In this post I will explain how I manage the whole patch process and introduce my PowerShell script, which I named wsus-operation.ps1 (which you can find on Github). Sure, this is an on-going work, so I'll try to keep this post updated with feedbacks from the Community and with all the things I discover over time.

The first step is to understand how to manage the patching process through the year. Hence the reason that pushed me to spend a good amount of time studying the calendar to finally draw the circular timeline you see below: it allows easy visualization of the patching process from Patch Tuesday to the day Adam's scripts does the monthly cleanup after all the patches have been deployed.
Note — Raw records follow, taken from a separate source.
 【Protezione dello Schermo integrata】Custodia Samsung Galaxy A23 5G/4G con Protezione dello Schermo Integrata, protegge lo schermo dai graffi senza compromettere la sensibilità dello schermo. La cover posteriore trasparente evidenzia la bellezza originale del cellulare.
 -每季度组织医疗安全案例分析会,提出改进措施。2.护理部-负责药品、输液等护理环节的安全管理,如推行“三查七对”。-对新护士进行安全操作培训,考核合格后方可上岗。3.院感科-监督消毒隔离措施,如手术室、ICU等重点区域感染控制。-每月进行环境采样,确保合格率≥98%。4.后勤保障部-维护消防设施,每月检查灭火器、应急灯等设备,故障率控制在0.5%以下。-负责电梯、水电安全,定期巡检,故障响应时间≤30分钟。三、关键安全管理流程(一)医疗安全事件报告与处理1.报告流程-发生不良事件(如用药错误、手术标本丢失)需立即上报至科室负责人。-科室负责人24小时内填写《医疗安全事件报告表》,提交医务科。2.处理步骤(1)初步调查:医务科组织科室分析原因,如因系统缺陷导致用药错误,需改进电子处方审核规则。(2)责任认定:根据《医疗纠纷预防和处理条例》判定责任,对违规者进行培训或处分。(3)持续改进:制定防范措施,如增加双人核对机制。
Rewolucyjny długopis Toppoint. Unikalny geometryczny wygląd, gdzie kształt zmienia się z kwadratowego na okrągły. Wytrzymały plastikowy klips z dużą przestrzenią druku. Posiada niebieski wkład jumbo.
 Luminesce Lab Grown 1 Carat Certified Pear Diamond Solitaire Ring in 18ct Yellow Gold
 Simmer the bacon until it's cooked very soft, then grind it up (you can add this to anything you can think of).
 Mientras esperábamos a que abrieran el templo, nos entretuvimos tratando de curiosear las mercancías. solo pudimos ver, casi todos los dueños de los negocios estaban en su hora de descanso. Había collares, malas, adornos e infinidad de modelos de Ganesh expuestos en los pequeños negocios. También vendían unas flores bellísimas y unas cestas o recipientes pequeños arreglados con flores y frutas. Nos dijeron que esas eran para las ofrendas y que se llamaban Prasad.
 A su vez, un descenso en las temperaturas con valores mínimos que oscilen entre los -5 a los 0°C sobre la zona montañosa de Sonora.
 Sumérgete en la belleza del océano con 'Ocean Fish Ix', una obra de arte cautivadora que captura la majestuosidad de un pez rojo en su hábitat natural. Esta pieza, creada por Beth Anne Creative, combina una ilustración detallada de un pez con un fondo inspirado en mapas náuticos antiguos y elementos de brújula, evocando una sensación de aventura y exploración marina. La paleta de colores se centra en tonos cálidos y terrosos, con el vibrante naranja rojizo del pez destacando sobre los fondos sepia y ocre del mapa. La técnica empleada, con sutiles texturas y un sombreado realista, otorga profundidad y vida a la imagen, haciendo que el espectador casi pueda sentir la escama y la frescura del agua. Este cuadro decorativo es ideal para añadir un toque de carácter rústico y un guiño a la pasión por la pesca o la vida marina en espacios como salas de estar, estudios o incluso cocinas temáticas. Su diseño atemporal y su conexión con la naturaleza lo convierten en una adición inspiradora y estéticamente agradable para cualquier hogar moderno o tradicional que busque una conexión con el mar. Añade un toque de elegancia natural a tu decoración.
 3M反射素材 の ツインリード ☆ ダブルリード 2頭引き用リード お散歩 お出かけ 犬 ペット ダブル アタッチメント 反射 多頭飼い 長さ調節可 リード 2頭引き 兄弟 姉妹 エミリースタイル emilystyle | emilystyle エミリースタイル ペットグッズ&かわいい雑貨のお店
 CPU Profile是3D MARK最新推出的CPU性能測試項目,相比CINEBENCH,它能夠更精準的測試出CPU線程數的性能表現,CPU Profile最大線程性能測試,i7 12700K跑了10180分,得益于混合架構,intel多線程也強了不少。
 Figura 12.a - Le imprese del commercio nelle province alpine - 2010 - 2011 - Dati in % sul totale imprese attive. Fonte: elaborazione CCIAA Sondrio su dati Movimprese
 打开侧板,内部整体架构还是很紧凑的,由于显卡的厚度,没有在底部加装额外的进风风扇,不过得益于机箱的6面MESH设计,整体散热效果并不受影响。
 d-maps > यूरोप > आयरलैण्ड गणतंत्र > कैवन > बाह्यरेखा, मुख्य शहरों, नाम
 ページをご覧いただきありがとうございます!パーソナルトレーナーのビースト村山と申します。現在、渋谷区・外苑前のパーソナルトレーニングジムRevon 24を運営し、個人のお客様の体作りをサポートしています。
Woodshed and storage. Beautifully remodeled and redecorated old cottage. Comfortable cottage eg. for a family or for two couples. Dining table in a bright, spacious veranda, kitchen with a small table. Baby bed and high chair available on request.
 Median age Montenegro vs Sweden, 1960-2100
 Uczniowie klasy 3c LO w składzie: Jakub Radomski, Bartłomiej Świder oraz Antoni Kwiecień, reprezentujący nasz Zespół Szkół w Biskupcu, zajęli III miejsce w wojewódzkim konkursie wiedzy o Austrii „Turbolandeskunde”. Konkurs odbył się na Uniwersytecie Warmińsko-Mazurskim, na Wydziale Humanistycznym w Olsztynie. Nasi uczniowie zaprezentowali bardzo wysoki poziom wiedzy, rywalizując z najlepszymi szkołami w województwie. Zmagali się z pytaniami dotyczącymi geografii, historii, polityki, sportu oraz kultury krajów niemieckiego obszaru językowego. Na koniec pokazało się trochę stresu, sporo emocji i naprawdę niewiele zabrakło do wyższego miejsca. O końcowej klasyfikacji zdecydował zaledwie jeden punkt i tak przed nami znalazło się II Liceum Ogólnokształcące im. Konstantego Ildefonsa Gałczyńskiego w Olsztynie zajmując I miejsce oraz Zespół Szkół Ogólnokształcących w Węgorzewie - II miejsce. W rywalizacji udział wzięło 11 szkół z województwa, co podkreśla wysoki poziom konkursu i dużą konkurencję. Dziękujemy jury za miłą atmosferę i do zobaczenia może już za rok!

Supposing that today it's June, 5th, next Patch Tuesday will happen in 7 days on Tuesday, June 12, 2018: Patch Tuesday comes the second Tuesday of the month so for sure we will have to include in our script a few lines of code to calculate it correctly.

After Patch Tuesday, it's a best practice to wait roughly a couple of weeks before synching your WSUS server, then existing Domain Group Policy (GPO) should intervene and patch servers following their criticality.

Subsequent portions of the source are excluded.